→ **Your objective**
For this task, output exactly the lines of the material below starting at the line with "- Sua sala de" and ending at the line with "產(chǎn)品名稱:3M口罩 8577 P95有機蒸氣異味及顆粒物防護口罩"; pictures are to be excluded.

→ **Provided records**
○ ○ ○
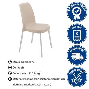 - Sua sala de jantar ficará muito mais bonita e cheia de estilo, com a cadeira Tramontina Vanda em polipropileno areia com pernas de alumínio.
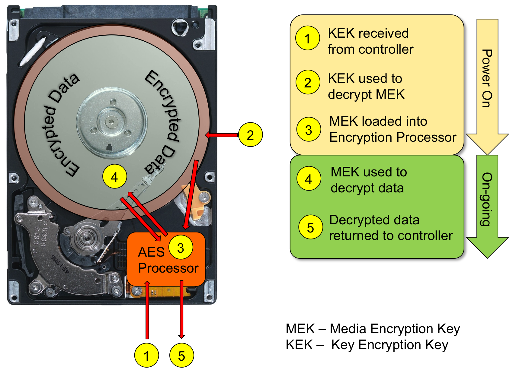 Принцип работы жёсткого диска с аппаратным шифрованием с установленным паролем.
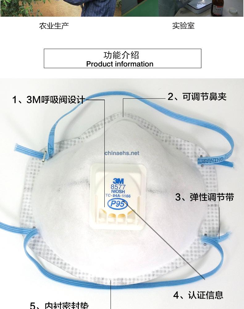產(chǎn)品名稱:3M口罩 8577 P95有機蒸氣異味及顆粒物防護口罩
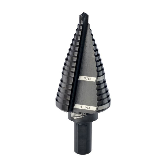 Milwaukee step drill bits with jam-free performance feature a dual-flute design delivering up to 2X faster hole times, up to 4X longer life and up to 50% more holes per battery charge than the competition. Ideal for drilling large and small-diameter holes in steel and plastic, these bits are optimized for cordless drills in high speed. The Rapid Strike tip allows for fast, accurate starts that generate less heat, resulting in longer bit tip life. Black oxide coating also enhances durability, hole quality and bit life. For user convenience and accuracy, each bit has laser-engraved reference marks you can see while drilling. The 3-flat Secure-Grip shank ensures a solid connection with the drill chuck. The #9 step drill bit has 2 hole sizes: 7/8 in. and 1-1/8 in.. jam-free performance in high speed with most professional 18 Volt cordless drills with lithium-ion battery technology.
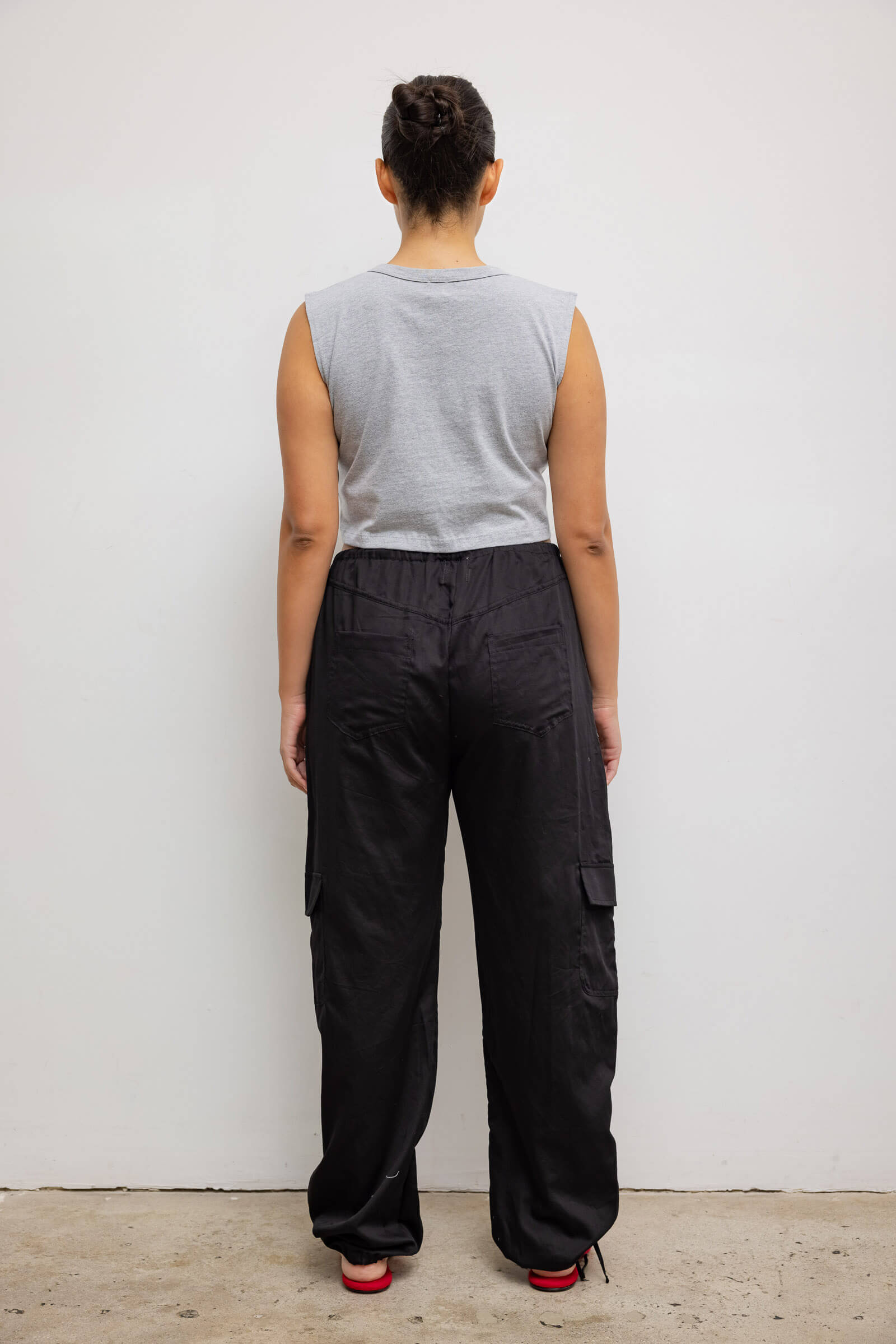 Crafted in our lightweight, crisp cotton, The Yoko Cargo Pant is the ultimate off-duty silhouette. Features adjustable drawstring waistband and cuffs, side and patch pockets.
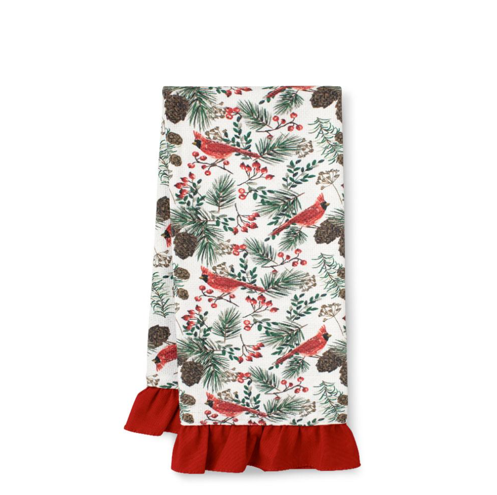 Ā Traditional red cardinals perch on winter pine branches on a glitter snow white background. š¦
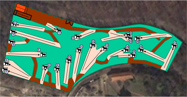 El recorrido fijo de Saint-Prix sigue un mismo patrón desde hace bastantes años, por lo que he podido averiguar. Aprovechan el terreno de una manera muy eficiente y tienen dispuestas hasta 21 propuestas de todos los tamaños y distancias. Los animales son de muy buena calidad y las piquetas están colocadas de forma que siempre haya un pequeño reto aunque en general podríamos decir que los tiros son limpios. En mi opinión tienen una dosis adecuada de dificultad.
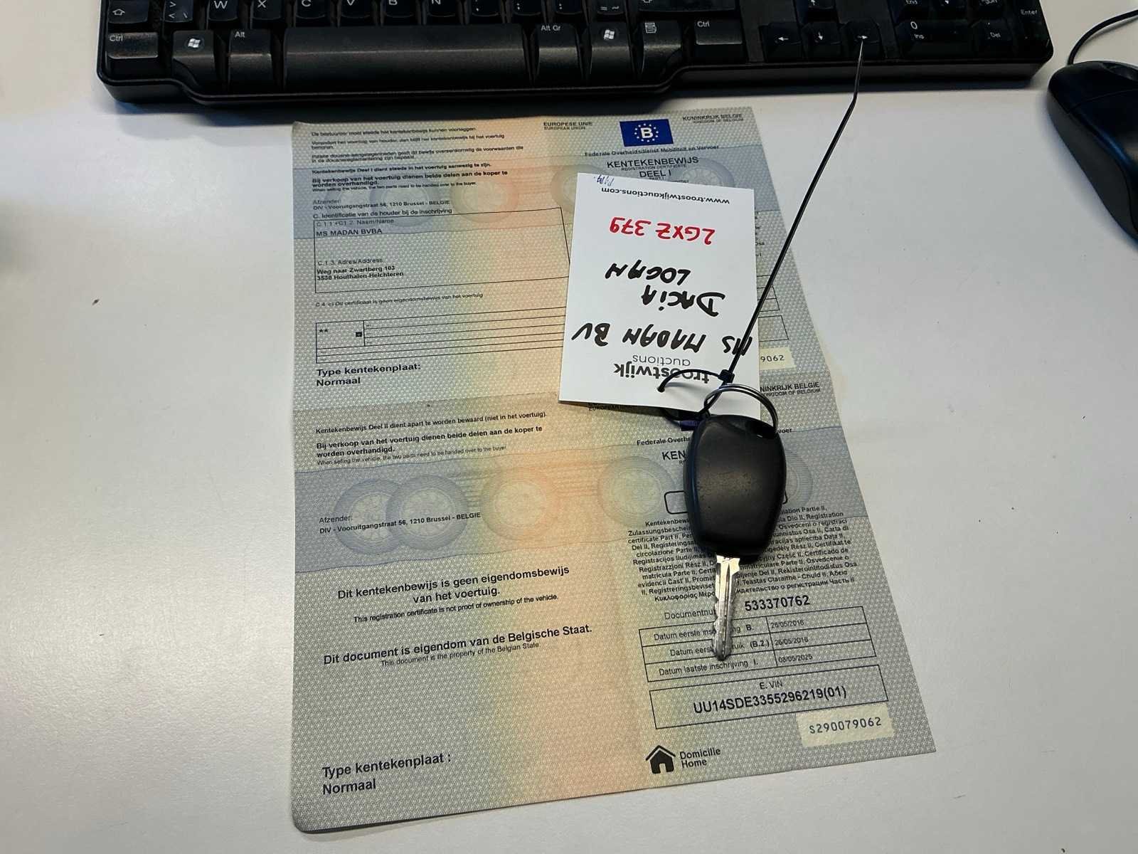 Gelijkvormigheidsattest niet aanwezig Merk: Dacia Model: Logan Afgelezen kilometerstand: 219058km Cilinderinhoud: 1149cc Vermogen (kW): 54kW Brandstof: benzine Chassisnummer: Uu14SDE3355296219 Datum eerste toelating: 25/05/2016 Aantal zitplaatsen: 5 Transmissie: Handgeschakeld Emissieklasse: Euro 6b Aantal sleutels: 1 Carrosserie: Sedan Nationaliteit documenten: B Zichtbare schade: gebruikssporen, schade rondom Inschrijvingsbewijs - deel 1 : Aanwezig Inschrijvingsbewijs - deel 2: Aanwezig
○ ○ ○
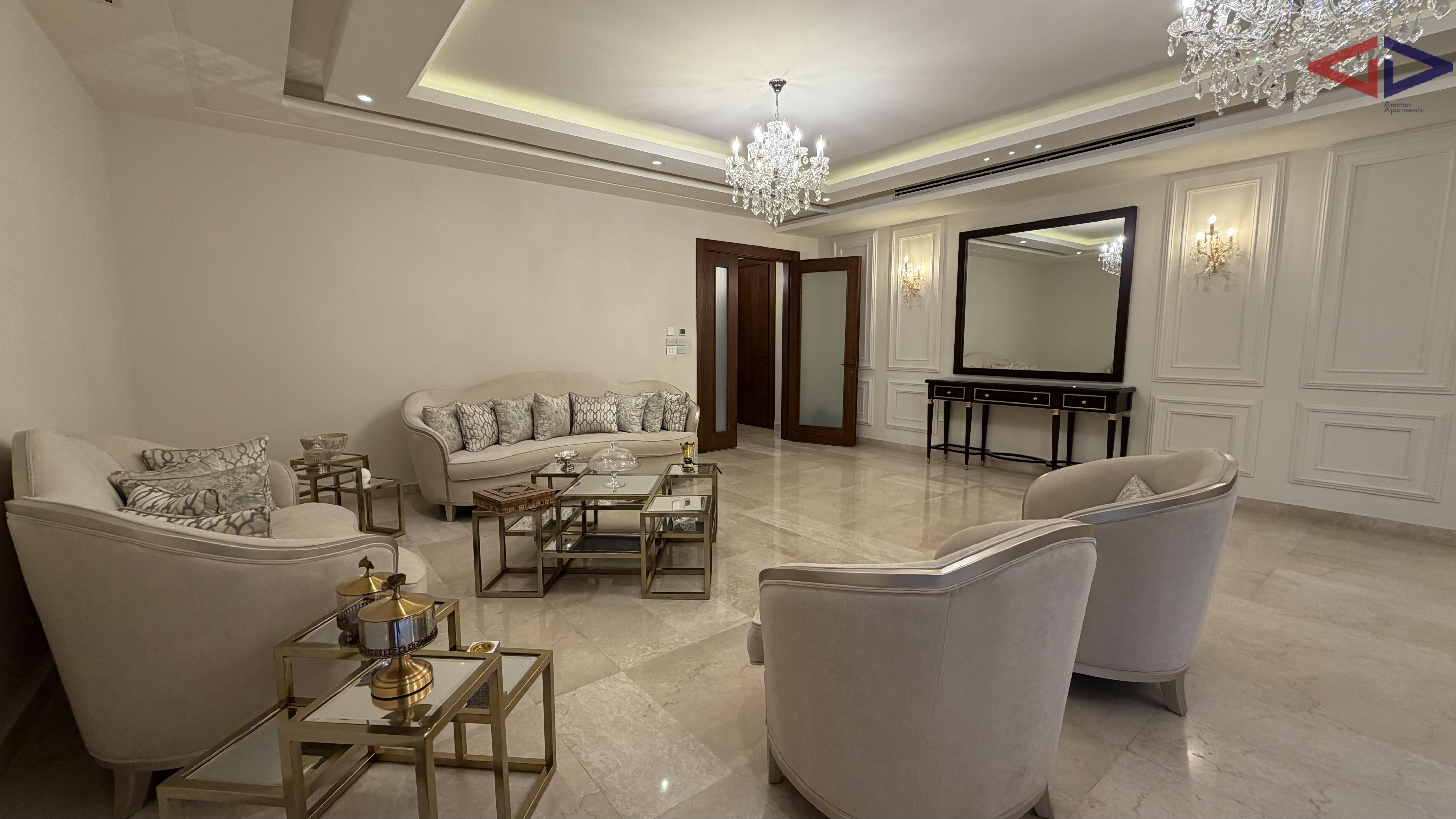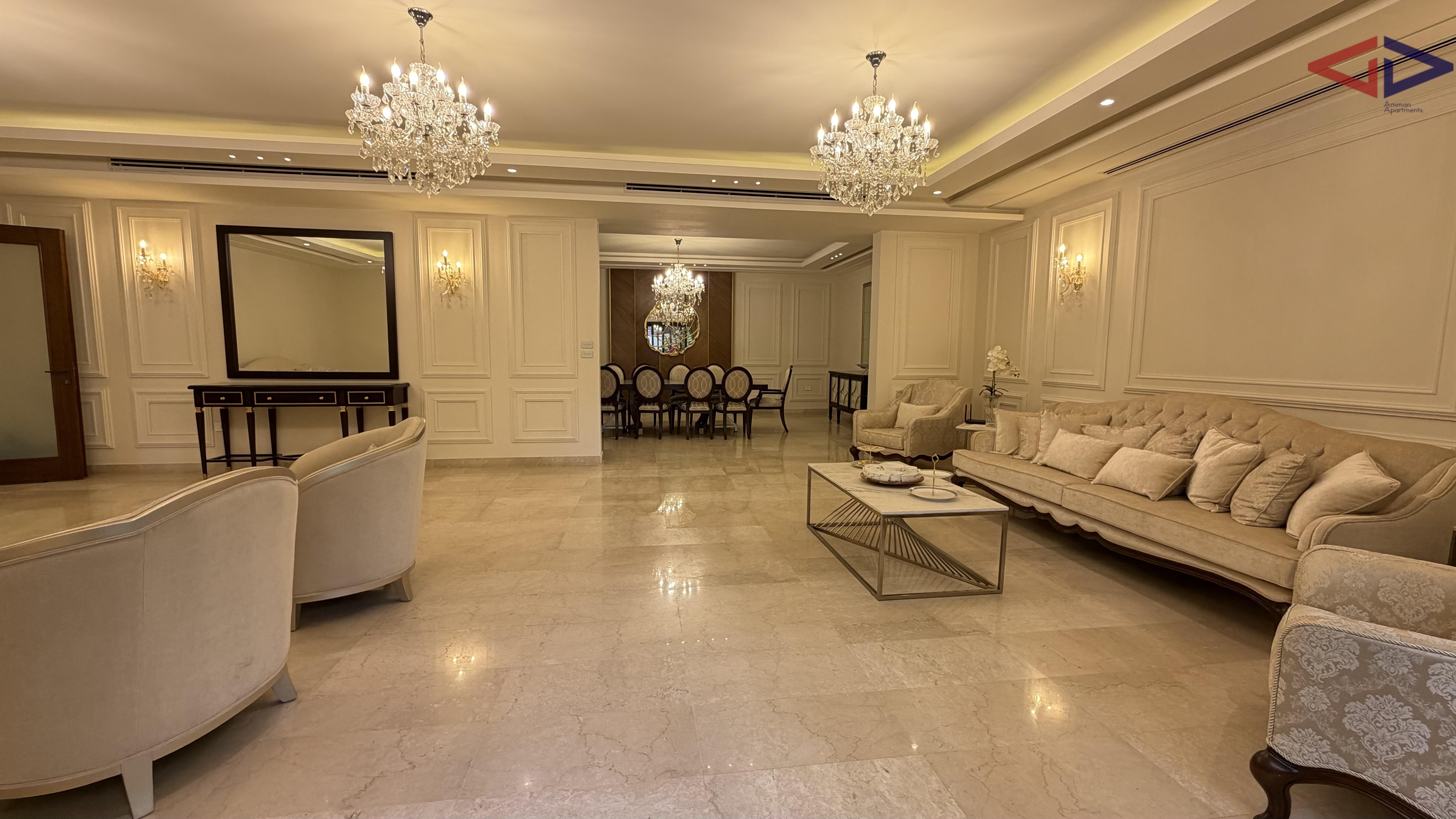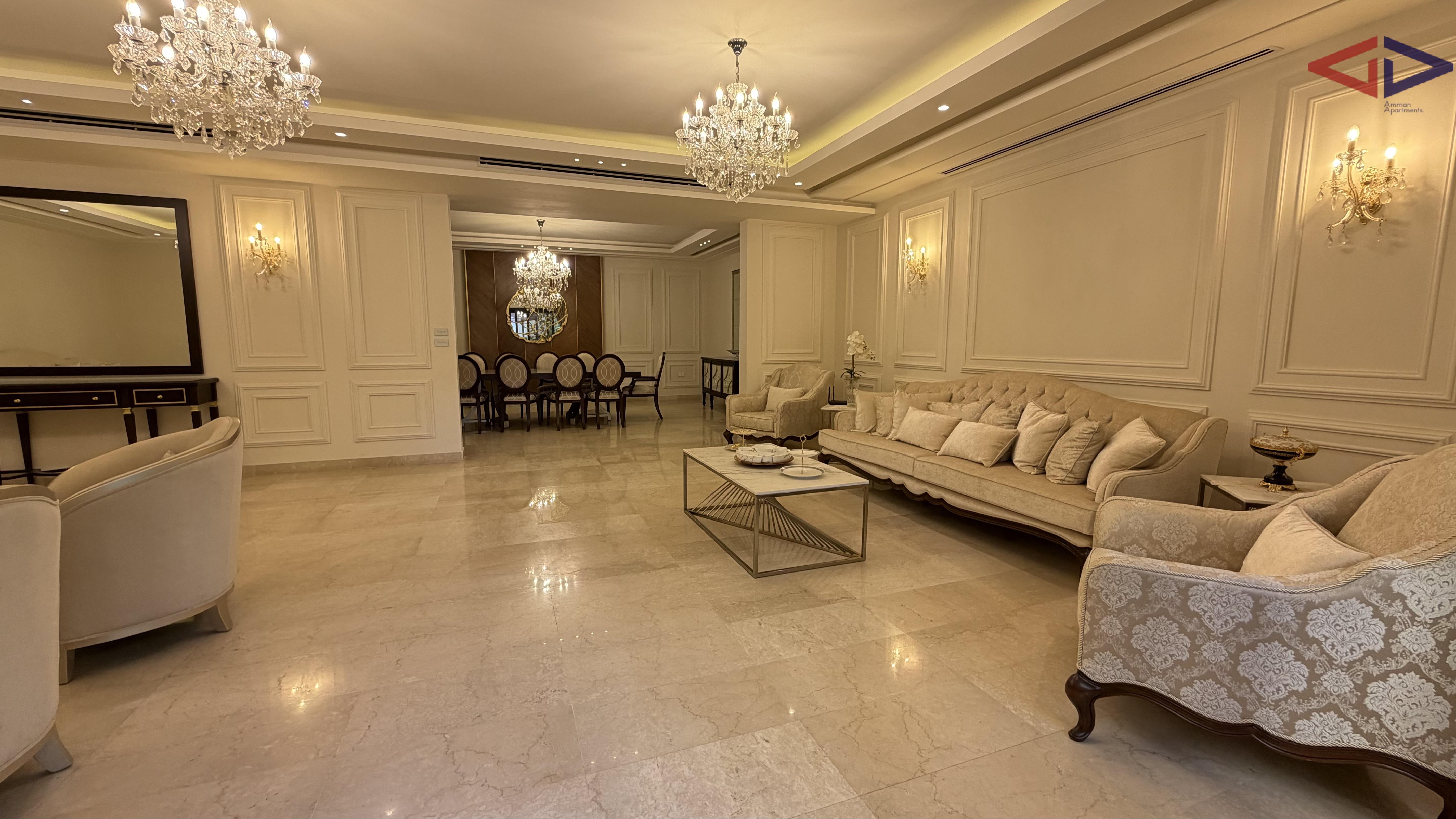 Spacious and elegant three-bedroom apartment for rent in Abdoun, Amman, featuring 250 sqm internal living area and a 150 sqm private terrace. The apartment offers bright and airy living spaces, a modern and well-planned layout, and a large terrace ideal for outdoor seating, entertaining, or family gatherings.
○ ○ ○
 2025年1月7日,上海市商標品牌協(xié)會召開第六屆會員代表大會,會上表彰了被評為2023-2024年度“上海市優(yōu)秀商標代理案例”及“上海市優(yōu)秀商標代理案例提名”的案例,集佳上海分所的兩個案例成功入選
○ ○ ○
→ **Answer to the problem**
 - Sua sala de jantar ficará muito mais bonita e cheia de estilo, com a cadeira Tramontina Vanda em polipropileno areia com pernas de alumínio.
 Принцип работы жёсткого диска с аппаратным шифрованием с установленным паролем.
產(chǎn)品名稱:3M口罩 8577 P95有機蒸氣異味及顆粒物防護口罩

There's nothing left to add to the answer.